Sarah laughs and lies to God about it. (Genesis 18:9-15) That’s after Abraham and Sarah cover up the truth, saying that they are brother and sister without revealing they are husband and wife. (Genesis 12:10-20) There’s Jacob – who dresses up and pretends to be his brother, Esau. (Genesis 27:1-45) And, of course, the Hebrew midwives, Shifra and Puah, put one over on Pharaoh. (Exodus 1.15-21) The Torah is true and wants us to tell the truth, yet includes stories of lies to teach us some very important things.
Looking more closely, we see that, in general, Torah people lie when they have a good, moral reason to lie. Abraham and Sarah conceal their marriage from the Egyptians to avoid starving to death during a famine. Jacob impersonates his brother, Esau, because he knows – just as his parents know and we know – it would have been a great mistake to let Esau lead the Jewish people. And the Hebrew midwives lie to that evil Pharaoh, sparing Hebrew baby boys and saving their own lives, too. So, the Torah wants us to tell the truth, yet it also includes stories of lies to show that there are times when even a Torah of truth realizes that some lies serve a higher moral purpose.
It’s a challenge to be 100% truthful. What do you say in a college letter of recommendation or a job reference when your candidate is maybe adequate, but not exceptionally good? When I accidently bash another car bumper in a parking lot, do I drive off or do I stop, get out of the car and leave my contact information in the windshield of the damaged car? While the Torah doesn’t give us advice for every imaginable situation, it offers wise counsel and guidance.
We begin by recognizing that God gives us each the responsibility to “distinguish between good and evil,” just like the book of Genesis (3.22) teaches. The Torah wants us to know that each person has the responsibility to weigh fine distinctions of right and wrong. Each of us is to take the teachings of Torah on one hand and the lessons learned from real life on the other, come to wise conclusions, and act on those decisions. And for the times that we fall short of the ideal, we are to take advantage of the serious and substantial opportunities of Shabbat and the coming new year to consider our behavior and go back and make amends. Living the examined Jewish life is the central spiritual task of this upcoming High Holiday season.

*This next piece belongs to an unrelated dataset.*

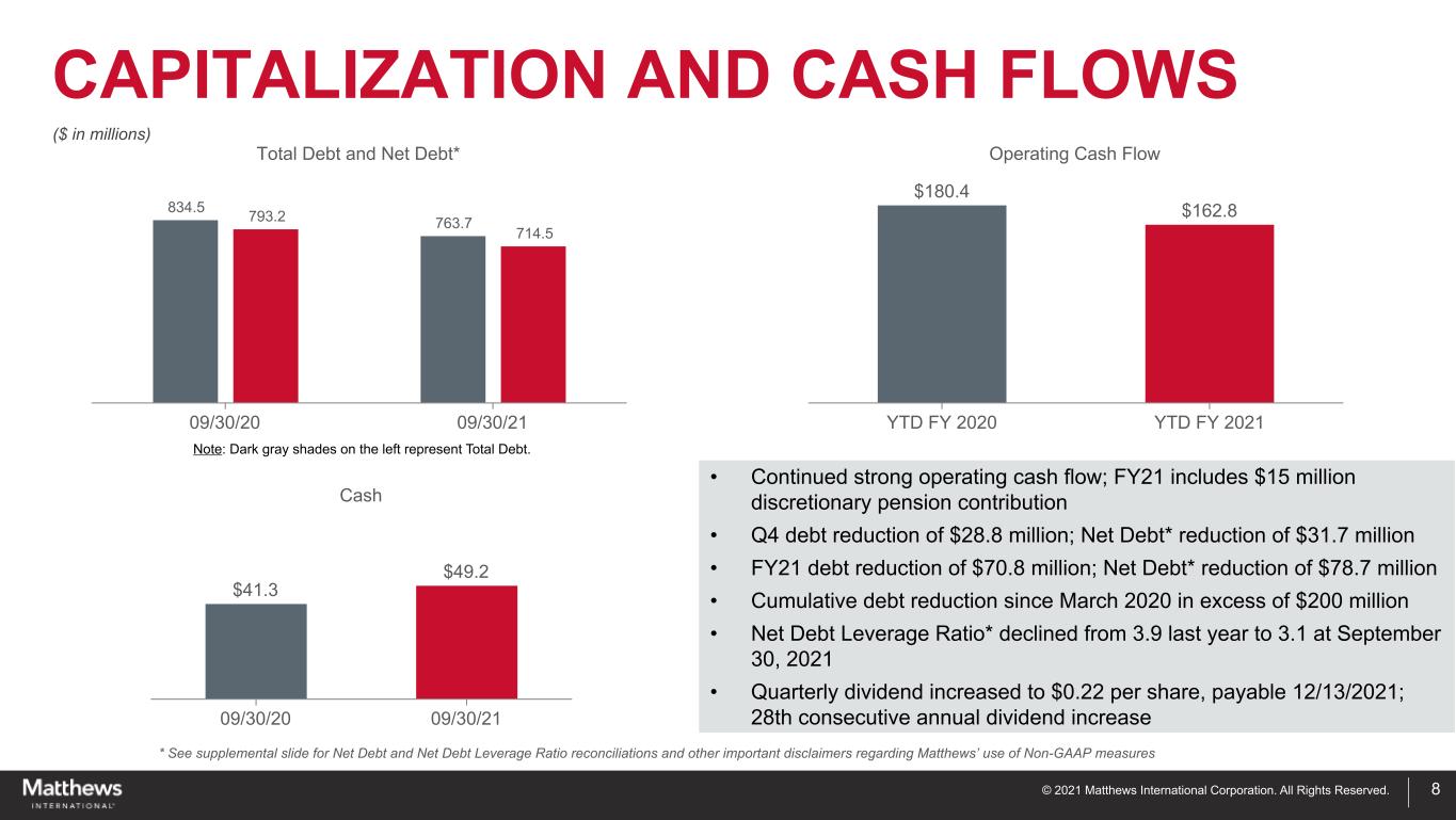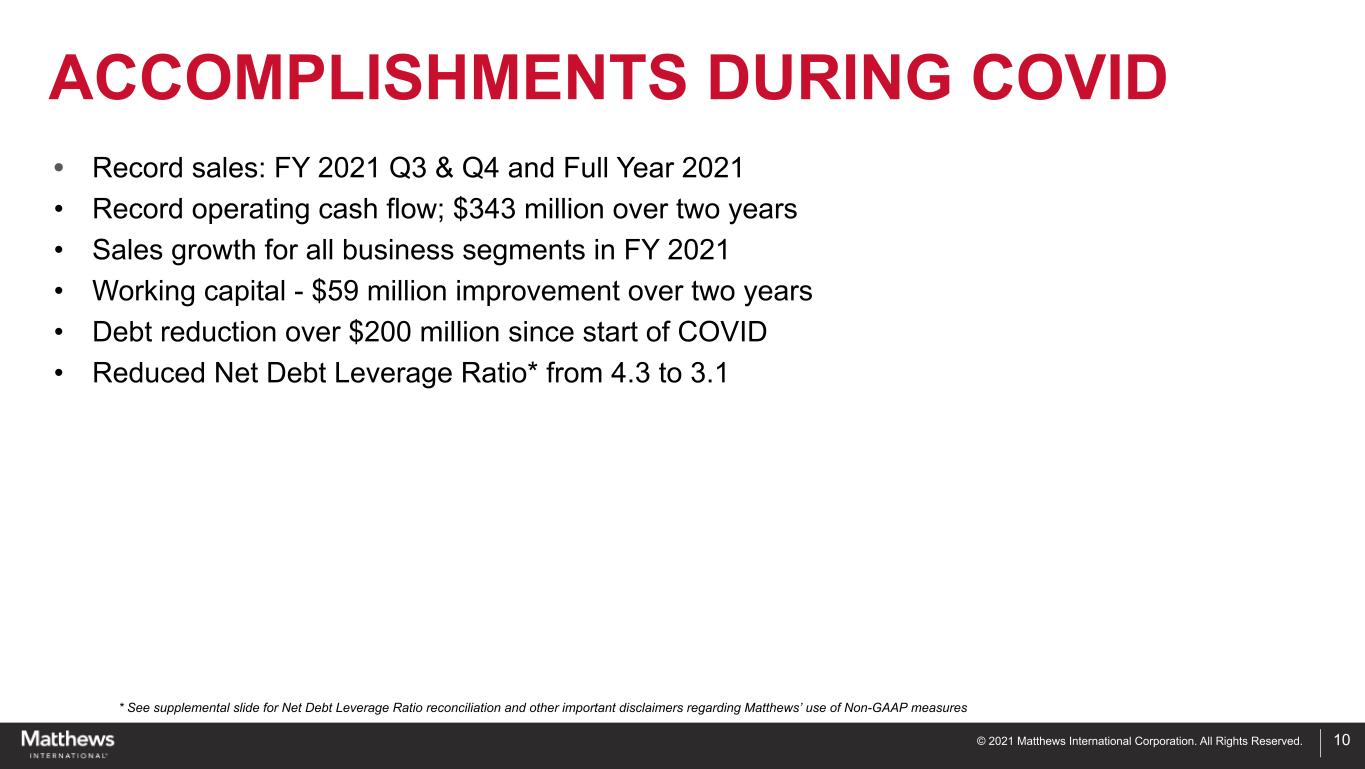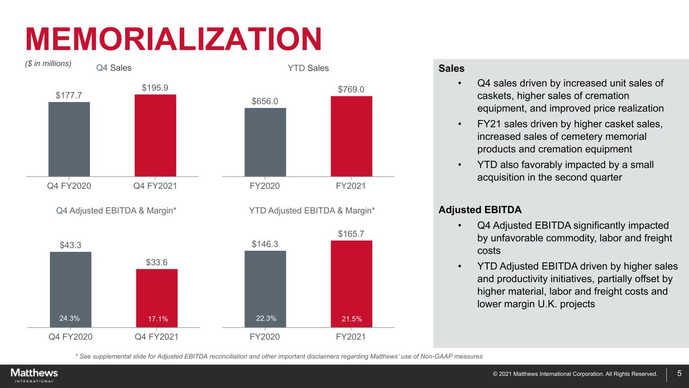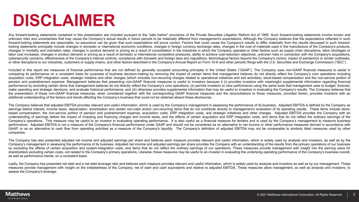© 2021 Matthews International Corporation. All Rights Reserved. DISCLAIMER 2 Any forward-looking statements contained in this presentation are included pursuant to the “safe harbor” provisions of the Private Securities Litigation Reform Act of 1995. Such forward-looking statements involve known and unknown risks and uncertainties that may cause the Company’s actual results in future periods to be materially different from management’s expectations. Although the Company believes that the expectations reflected in such forward-looking statements are reasonable, no assurance can be given that such expectations will prove correct. Factors that could cause the Company's results to differ materially from the results discussed in such forward- looking statements principally include changes in domestic or international economic conditions, changes in foreign currency exchange rates, changes in the cost of materials used in the manufacture of the Company's products, changes in mortality and cremation rates, changes in product demand or pricing as a result of consolidation in the industries in which the Company operates or other factors such as supply chain disruptions, labor shortages or labor cost increases, changes in product demand or pricing as a result of domestic or international competitive pressures, ability to achieve cost-reduction objectives, unknown risks in connection with the Company's acquisitions, cybersecurity concerns, effectiveness of the Company's internal controls, compliance with domestic and foreign laws and regulations, technological factors beyond the Company's control, impact of pandemics or similar outbreaks, or other disruptions to our industries, customers or supply chains, and other factors described in the Company’s Annual Report on Form 10-K and other periodic filings with the U.S. Securities and Exchange Commission (“SEC”). Included in this report are measures of financial performance that are not defined by generally accepted accounting principles in the United States (“GAAP”). The Company uses non-GAAP financial measures to assist in comparing its performance on a consistent basis for purposes of business decision-making by removing the impact of certain items that management believes do not directly reflect the Company’s core operations including acquisition costs, ERP integration costs, strategic initiative and other charges (which includes non-recurring charges related to operational initiatives and exit activities), stock-based compensation and the non-service portion of pension and postretirement expense. Management believes that presenting non-GAAP financial measures is useful to investors because it (i) provides investors with meaningful supplemental information regarding financial performance by excluding certain items that management believes do not directly reflect the Company’s core operations, (ii) permits investors to view performance using the same tools that management uses to budget, forecast, make operating and strategic decisions, and evaluate historical performance, and (iii) otherwise provides supplemental information that may be useful to investors in evaluating the Company’s results. The Company believes that the presentation of these non-GAAP financial measures, when considered together with the corresponding GAAP financial measures and the reconciliations to those measures, provided herein, provides investors with an additional understanding of the factors and trends affecting the Company’s business that could not be obtained absent these disclosures. The Company believes that adjusted EBITDA provides relevant and useful information, which is used by the Company’s management in assessing the performance of its business. Adjusted EBITDA is defined by the Company as earnings before interest, income taxes, depreciation, amortization and certain non-cash and/or non-recurring items that do not contribute directly to management’s evaluation of its operating results. These items include stock- based compensation, the non-service portion of pension and postretirement expense, acquisition costs, ERP integration costs, and strategic initiatives and other charges. Adjusted EBITDA provides the Company with an understanding of earnings before the impact of investing and financing charges and income taxes, and the effects of certain acquisition and ERP integration costs, and items that do not reflect the ordinary earnings of the Company’s operations. This measure may be useful to an investor in evaluating operating performance. It is also useful as a financial measure for lenders and is used by the Company’s management to measure business performance. Adjusted EBITDA is not a measure of the Company's financial performance under GAAP and should not be considered as an alternative to net income or other performance measures derived in accordance with GAAP, or as an alternative to cash flow from operating activities as a measure of the Company's liquidity. The Company's definition of adjusted EBITDA may not be comparable to similarly titled measures used by other companies. The Company has also presented adjusted net income and adjusted earnings per share and believes each measure provides relevant and useful information, which is widely used by analysts and investors, as well as by the Company’s management in assessing the performance of its business. Adjusted net income and adjusted earnings per share provides the Company with an understanding of the results from the primary operations of our business by excluding the effects of certain acquisition and system-integration costs, and items that do not reflect the ordinary earnings of our operations. These measures provide management with insight into the earning value for shareholders excluding certain costs, not related to the Company’s primary operations. Likewise, these measures may be useful to an investor in evaluating the underlying operating performance of the

Oh, yes, that dinner question, “Now that you have written about lying, do you tell fewer lies?” My answer: “I lie as much as ever. I just spend more time thinking about it.” And that “thinking about it” may not be such a bad thing, as when a lie serves a higher moral purpose.

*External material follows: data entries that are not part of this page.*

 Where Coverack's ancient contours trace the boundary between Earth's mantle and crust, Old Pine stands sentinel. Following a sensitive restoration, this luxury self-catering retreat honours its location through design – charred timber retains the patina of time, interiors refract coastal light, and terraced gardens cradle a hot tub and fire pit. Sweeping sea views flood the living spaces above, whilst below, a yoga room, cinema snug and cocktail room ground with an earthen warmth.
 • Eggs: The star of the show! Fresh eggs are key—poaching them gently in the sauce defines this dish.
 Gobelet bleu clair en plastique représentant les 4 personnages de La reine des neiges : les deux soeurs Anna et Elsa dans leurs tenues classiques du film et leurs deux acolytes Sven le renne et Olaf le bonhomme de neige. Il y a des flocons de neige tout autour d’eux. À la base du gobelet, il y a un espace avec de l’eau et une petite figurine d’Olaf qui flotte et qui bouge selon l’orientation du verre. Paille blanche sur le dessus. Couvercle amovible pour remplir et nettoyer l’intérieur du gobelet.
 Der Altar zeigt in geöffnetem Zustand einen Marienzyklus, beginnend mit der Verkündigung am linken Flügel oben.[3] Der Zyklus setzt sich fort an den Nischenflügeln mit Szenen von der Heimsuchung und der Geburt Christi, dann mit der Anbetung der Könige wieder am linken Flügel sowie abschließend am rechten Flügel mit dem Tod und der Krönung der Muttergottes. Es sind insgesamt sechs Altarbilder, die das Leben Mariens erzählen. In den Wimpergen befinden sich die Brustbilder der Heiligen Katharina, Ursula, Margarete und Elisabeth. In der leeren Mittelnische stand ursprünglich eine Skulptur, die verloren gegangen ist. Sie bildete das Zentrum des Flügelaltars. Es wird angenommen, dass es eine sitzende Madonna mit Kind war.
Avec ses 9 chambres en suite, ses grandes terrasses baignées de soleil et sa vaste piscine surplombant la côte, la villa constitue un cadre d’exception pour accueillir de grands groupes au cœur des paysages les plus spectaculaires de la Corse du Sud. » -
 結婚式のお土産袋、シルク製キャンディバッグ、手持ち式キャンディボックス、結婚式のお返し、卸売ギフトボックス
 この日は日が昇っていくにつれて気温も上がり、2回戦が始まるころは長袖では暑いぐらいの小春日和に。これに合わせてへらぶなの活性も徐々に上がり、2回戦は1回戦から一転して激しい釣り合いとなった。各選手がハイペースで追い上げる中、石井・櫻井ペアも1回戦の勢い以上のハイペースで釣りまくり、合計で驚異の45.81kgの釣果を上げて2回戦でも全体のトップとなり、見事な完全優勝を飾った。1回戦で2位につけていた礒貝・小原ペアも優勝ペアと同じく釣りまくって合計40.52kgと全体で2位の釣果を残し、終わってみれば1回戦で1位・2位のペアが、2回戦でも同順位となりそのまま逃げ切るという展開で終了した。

From a Jewish moral and spiritual perspective, there’s a world of difference between lying without thinking and lying accompanied by heartfelt consideration. The examined Jewish life means doing what you and I do right now on Shabbat and through the weeks to follow, joining community in prayer, song, reflection, and celebration, each one of us trying to become a better person tomorrow.